Dans les rues de la capitale, les avis oscillent entre inquiétude et scepticisme. Olaida Pozo, 52 ans, femme au foyer, balaie d’un revers de main la menace d’un conflit. « C’est toujours la même menace, et jusqu’à présent, jamais de la vie on n’a vu un bombardement ou une guerre », lance-t-elle, assise à l’entrée de son immeuble dans le centre historique. Pour Alexis Pérez, 28 ans, ouvrier du bâtiment, l’urgence est ailleurs. « Une guerre ne sera jamais une bonne chose. Ce qui est clair, c’est qu’il doit y avoir un changement », affirme-t-il, déplorant que de nombreux jeunes Cubains ne voient d’autre issue que l’émigration face à l’absence de solutions à leurs problèmes. Il a certes préparé quelques provisions après les récentes recommandations de la Défense civile, mais il ne croit pas à un scénario aussi dramatique. « Nous avons quelques ressources prêtes, mais pas de façon aussi extrême qu’un sac à dos avec tout le nécessaire pour fuir », précise-t-il.

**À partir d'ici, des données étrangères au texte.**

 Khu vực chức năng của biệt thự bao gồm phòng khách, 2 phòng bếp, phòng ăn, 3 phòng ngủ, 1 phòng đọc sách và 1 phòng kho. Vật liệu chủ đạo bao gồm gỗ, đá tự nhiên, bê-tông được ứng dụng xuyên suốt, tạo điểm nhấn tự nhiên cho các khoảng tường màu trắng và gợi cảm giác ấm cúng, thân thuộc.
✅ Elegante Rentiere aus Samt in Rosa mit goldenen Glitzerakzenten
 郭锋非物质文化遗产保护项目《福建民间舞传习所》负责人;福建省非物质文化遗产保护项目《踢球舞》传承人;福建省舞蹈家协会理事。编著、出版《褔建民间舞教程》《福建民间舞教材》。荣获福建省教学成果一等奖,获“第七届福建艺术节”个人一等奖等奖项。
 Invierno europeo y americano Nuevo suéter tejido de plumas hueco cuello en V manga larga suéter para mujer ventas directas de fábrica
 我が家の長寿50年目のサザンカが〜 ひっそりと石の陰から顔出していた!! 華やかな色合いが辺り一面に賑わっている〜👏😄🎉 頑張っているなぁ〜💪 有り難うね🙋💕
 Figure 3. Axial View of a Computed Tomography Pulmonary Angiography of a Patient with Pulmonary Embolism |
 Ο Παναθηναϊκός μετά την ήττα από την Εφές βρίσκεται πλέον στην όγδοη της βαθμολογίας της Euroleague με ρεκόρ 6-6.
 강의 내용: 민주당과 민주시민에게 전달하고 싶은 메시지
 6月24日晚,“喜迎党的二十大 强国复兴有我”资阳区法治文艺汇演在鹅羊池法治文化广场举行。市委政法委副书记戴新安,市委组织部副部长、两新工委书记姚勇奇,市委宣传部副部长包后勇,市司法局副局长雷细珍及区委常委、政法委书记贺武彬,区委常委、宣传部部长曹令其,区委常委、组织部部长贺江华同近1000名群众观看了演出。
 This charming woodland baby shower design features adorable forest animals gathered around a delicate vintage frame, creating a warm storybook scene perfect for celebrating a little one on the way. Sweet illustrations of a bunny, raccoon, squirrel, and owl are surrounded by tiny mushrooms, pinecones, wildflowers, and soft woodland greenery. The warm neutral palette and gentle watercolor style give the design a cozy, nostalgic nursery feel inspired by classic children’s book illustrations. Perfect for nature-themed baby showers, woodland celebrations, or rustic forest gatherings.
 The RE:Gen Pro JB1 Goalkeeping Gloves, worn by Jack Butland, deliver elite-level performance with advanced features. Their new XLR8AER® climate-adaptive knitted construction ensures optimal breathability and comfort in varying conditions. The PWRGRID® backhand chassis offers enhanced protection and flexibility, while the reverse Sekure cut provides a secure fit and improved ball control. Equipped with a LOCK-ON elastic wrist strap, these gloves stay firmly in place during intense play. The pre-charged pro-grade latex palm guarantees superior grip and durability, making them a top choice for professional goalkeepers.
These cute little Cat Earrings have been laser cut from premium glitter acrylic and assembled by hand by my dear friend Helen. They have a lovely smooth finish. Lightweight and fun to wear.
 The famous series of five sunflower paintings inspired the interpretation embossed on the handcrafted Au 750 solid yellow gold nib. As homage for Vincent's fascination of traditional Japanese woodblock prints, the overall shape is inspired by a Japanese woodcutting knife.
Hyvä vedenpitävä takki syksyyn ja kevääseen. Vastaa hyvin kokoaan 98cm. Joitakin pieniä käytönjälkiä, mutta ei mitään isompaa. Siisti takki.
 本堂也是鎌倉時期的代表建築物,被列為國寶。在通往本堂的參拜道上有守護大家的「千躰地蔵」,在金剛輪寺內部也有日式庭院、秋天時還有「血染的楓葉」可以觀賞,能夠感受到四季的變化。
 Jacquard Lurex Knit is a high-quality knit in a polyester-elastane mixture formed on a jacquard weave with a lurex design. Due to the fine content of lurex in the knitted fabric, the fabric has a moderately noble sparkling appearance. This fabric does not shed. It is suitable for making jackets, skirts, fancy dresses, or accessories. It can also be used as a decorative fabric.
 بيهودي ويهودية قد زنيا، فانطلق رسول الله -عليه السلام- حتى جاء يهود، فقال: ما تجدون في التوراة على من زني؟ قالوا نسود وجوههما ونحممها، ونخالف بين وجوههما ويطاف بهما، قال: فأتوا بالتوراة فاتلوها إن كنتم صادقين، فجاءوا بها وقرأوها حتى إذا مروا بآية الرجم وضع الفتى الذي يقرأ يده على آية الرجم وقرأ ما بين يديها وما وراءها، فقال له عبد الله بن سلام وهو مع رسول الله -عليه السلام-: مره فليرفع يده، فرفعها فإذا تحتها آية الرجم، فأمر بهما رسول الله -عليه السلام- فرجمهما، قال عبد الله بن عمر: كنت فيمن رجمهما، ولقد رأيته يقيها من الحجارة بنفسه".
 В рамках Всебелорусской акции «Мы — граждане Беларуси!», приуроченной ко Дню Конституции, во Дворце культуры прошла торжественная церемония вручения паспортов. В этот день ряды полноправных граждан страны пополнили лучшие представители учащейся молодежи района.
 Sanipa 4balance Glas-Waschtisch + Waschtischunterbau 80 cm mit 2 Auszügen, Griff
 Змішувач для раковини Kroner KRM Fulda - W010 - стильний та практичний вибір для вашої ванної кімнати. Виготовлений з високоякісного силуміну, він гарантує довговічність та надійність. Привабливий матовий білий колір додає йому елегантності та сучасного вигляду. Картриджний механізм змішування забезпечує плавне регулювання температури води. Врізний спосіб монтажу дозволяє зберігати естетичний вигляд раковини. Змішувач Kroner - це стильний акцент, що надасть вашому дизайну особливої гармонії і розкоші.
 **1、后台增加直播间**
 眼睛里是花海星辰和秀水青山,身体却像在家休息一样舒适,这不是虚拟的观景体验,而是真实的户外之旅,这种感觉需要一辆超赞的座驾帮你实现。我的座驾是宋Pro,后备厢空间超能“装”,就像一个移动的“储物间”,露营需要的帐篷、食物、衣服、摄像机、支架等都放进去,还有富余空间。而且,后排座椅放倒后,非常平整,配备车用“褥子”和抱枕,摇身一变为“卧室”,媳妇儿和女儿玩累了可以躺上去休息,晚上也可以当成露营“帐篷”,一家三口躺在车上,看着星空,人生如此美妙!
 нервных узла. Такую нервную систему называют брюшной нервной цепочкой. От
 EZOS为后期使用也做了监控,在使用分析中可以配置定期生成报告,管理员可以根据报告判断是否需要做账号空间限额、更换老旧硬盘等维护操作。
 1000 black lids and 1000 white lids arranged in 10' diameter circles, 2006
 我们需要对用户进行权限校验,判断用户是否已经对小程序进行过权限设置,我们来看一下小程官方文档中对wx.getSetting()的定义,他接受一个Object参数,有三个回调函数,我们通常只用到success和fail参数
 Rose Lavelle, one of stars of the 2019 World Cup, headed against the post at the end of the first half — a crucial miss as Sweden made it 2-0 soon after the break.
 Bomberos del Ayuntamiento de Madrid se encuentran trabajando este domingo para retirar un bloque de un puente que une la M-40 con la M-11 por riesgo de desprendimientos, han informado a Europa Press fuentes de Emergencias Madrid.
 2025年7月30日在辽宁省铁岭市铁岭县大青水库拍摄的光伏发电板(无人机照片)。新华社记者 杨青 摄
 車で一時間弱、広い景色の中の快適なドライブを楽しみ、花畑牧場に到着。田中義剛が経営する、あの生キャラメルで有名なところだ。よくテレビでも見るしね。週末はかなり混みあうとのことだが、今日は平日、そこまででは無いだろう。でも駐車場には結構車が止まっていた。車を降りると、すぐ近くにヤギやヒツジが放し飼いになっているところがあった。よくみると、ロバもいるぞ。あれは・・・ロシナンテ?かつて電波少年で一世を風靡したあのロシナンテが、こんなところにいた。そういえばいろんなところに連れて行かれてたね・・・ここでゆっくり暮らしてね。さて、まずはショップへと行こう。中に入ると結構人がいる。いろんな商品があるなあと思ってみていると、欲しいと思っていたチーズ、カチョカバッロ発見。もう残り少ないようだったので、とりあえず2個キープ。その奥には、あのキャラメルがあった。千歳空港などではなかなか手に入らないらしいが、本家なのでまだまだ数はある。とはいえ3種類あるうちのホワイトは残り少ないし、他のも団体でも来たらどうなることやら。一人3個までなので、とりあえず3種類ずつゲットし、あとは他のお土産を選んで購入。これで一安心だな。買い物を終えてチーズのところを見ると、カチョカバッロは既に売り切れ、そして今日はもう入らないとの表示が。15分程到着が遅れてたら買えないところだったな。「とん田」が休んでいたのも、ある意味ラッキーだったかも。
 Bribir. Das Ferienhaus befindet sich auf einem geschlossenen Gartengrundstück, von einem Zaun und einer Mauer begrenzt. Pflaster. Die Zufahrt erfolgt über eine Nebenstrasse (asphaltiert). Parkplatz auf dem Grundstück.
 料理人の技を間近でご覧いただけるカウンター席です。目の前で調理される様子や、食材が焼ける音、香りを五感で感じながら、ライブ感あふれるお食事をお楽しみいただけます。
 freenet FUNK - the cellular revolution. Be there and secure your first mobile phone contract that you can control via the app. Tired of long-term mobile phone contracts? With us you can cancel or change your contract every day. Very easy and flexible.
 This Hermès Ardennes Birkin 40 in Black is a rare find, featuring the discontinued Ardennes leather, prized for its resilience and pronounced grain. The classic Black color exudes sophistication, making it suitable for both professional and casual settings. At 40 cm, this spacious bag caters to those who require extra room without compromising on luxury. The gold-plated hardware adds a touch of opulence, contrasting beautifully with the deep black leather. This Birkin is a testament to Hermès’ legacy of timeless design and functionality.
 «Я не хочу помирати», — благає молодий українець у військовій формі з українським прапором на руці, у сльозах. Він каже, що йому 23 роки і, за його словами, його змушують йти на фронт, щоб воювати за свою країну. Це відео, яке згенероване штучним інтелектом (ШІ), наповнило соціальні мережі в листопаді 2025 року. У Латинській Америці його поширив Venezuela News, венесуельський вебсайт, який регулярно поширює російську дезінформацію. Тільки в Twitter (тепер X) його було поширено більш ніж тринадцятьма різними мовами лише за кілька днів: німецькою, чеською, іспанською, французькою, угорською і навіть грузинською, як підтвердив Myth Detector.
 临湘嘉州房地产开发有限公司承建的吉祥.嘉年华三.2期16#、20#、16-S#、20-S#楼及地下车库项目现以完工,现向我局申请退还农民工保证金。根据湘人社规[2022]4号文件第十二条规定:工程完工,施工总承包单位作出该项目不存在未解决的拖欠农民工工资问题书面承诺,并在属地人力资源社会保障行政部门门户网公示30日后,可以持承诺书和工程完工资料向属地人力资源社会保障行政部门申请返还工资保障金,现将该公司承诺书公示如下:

D’autres habitants rejettent catégoriquement l’idée d’une intervention militaire. Osvaldo Mendoza, 61 ans, maçon de son état, est catégorique. « L’issue, ce n’est pas une invasion. Ce dont nous avons besoin, c’est que le pays se développe économiquement pour améliorer nos conditions de vie », explique-t-il, ajoutant que « les Américains ne sont pas fous ». Pour lui, le véritable changement doit venir du système lui-même. Beatriz, une militaire retraitée de 40 ans ayant requis l’anonymat, partage cette analyse. « Je ne pense pas que nous devions en arriver à ces extrémités », dit-elle, tout en estimant que des évolutions sont nécessaires pour le bien du peuple. « Une agression avec des bombes et des coups de feu, non. Mais une intervention américaine qui apporterait une amélioration, cela me paraît bien », conclut-elle, résumant le sentiment de nombreux Cubains, partagés entre la peur du conflit et l’espoir d’un changement tangible.